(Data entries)
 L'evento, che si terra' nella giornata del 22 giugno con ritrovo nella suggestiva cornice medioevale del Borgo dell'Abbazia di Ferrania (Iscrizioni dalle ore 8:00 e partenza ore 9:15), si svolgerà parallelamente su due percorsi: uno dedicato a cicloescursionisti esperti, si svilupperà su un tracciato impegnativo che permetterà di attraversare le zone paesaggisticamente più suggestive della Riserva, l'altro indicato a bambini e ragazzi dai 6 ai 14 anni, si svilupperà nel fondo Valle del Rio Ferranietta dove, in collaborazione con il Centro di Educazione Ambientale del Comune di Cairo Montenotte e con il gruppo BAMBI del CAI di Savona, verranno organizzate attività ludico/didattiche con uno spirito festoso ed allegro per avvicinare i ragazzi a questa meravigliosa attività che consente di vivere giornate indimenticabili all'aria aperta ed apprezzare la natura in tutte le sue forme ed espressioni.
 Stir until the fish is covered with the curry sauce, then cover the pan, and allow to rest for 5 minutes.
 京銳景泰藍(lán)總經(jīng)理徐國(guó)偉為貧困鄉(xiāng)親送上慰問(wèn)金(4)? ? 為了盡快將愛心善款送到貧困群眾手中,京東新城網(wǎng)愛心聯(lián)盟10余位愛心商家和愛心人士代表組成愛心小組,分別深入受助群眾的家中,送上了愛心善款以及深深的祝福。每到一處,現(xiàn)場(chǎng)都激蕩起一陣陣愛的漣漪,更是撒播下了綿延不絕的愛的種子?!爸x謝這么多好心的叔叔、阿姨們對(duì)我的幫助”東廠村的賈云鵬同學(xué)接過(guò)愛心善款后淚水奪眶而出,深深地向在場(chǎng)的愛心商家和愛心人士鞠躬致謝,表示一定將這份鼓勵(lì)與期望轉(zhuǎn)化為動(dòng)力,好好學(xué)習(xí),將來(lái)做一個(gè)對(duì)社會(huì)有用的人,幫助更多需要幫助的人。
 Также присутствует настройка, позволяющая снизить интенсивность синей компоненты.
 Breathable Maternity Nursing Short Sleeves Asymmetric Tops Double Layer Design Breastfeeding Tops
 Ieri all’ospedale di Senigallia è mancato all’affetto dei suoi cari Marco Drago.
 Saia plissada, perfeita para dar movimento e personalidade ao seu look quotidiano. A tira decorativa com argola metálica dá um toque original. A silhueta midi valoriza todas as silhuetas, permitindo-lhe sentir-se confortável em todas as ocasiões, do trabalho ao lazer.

TASK TO CARRY OUT → What is needed is an exact, complete copy of the entries above.

REPLY TO THE TASK →
 L'evento, che si terra' nella giornata del 22 giugno con ritrovo nella suggestiva cornice medioevale del Borgo dell'Abbazia di Ferrania (Iscrizioni dalle ore 8:00 e partenza ore 9:15), si svolgerà parallelamente su due percorsi: uno dedicato a cicloescursionisti esperti, si svilupperà su un tracciato impegnativo che permetterà di attraversare le zone paesaggisticamente più suggestive della Riserva, l'altro indicato a bambini e ragazzi dai 6 ai 14 anni, si svilupperà nel fondo Valle del Rio Ferranietta dove, in collaborazione con il Centro di Educazione Ambientale del Comune di Cairo Montenotte e con il gruppo BAMBI del CAI di Savona, verranno organizzate attività ludico/didattiche con uno spirito festoso ed allegro per avvicinare i ragazzi a questa meravigliosa attività che consente di vivere giornate indimenticabili all'aria aperta ed apprezzare la natura in tutte le sue forme ed espressioni.
 Stir until the fish is covered with the curry sauce, then cover the pan, and allow to rest for 5 minutes.
 京銳景泰藍(lán)總經(jīng)理徐國(guó)偉為貧困鄉(xiāng)親送上慰問(wèn)金(4)? ? 為了盡快將愛心善款送到貧困群眾手中,京東新城網(wǎng)愛心聯(lián)盟10余位愛心商家和愛心人士代表組成愛心小組,分別深入受助群眾的家中,送上了愛心善款以及深深的祝福。每到一處,現(xiàn)場(chǎng)都激蕩起一陣陣愛的漣漪,更是撒播下了綿延不絕的愛的種子?!爸x謝這么多好心的叔叔、阿姨們對(duì)我的幫助”東廠村的賈云鵬同學(xué)接過(guò)愛心善款后淚水奪眶而出,深深地向在場(chǎng)的愛心商家和愛心人士鞠躬致謝,表示一定將這份鼓勵(lì)與期望轉(zhuǎn)化為動(dòng)力,好好學(xué)習(xí),將來(lái)做一個(gè)對(duì)社會(huì)有用的人,幫助更多需要幫助的人。
 Также присутствует настройка, позволяющая снизить интенсивность синей компоненты.
 Breathable Maternity Nursing Short Sleeves Asymmetric Tops Double Layer Design Breastfeeding Tops
 Ieri all’ospedale di Senigallia è mancato all’affetto dei suoi cari Marco Drago.
 Saia plissada, perfeita para dar movimento e personalidade ao seu look quotidiano. A tira decorativa com argola metálica dá um toque original. A silhueta midi valoriza todas as silhuetas, permitindo-lhe sentir-se confortável em todas as ocasiões, do trabalho ao lazer.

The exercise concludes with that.